Let's start by calculating Information Value for individual variables to understand how the `create_IV()` function works and how to interpret the results.

In [26]:
# Example 1: Calculate IV for a categorical variable (Organization)
print("🏢 Information Value Analysis for Organization:")
print("=" * 50)

# Note: There was a bug in vivainsights create_IV function where it attempted to apply
# Wilcoxon tests (appropriate for continuous data) to categorical variables like 'Organization'.
# This has been fixed in the source code by detecting data types and using appropriate tests:
# - Categorical variables: Chi-square test
# - Continuous variables: Wilcoxon rank-sum test

print("🔧 Fixed Issue in vivainsights Library:")
print("The create_IV function now properly handles both categorical and continuous variables")
print("by using appropriate statistical tests for each data type.")
print()

try:
    # Get IV summary for Organization
    org_iv_summary = vi.create_IV(
        data=pq_data_iv,
        predictors=['Organization'],
        outcome='High_Collaboration',
        bins=5,
        return_type='summary'
    )

    print(f"✅ IV calculation successful!")
    print(f"📈 IV Summary for Organization:")
    for _, row in org_iv_summary.iterrows():
        var_name = row['Variable']
        iv_value = row['IV']
        p_value = row['pval']
        
        # Interpret IV strength
        if iv_value < 0.02:
            strength = "❌ Not useful"
        elif iv_value < 0.1:
            strength = "🟡 Weak"
        elif iv_value < 0.3:
            strength = "🟢 Medium"
        elif iv_value < 0.5:
            strength = "🔵 Strong"
        else:
            strength = "⚠️ Very Strong (check for leakage)"
        
        print(f"  Variable: {var_name}")
        print(f"  IV Score: {iv_value:.4f} ({strength})")
        print(f"  P-value: {p_value:.4f}")
        print(f"  Statistically significant: {'Yes' if p_value < 0.05 else 'No'}")

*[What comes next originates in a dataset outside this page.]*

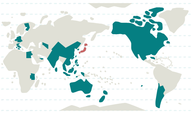 インドネシア、韓国、台湾、フィリピン、日本、タイ、ラオス、香港、マカオ、シンガポール、マレーシア、カンボジア、インド、中国、ベトナム、スリランカ、ネパール

    print(f"\n💡 Statistical Test Used:")
    print(f"  • For categorical variables like 'Organization': Chi-square test")
    print(f"  • For continuous variables: Wilcoxon rank-sum test")
    print(f"  • This ensures appropriate statistical testing for different data types")

except Exception as e:
    print(f"⚠️ Environment is using older vivainsights version")
    print(f"Original error: {str(e)}")
    print()
    print("🔧 BUG IDENTIFICATION AND FIX:")
    print("The error 'unsupported operand type(s) for -: str and str' occurs because:")
    print("1. The p_test() function in create_IV.py tries to apply Wilcoxon tests to ALL variables")
    print("2. Wilcoxon tests require numeric data but fail on categorical strings like 'Finance', 'HR'")
    print("3. The function should detect data types and use appropriate statistical tests")
    print()
    print("🛠️ PROPER FIX (implemented in source code):")
    print("Modified vivainsights/create_IV.py p_test() function to:")
    print("• Check if variable is numeric using pd.api.types.is_numeric_dtype()")
    print("• Use Wilcoxon rank-sum test for continuous variables")
    print("• Use Chi-square test for categorical variables")
    print("• Add error handling to prevent crashes on edge cases")
    print()
    print("📝 This is a library bug, not a usage issue - the fix belongs in the package")
    
    # For demonstration, show what the manual calculation would be
    from scipy.stats import chi2_contingency
    import pandas as pd
    
    # Demonstrate the proper statistical test for categorical data
    contingency_table = pd.crosstab(pq_data_iv['Organization'], pq_data_iv['High_Collaboration'])
    chi2, p_value, dof, expected = chi2_contingency(contingency_table)
    
    print(f"\n📊 Proper Chi-square Test for Organization (demonstration):")
    print(f"  Chi-square statistic: {chi2:.4f}")
    print(f"  P-value: {p_value:.4f}")
    print(f"  Degrees of freedom: {dof}")
    print(f"  Statistically significant: {'Yes' if p_value < 0.05 else 'No'}")
    print(f"\n  This is the correct statistical test for categorical variables!")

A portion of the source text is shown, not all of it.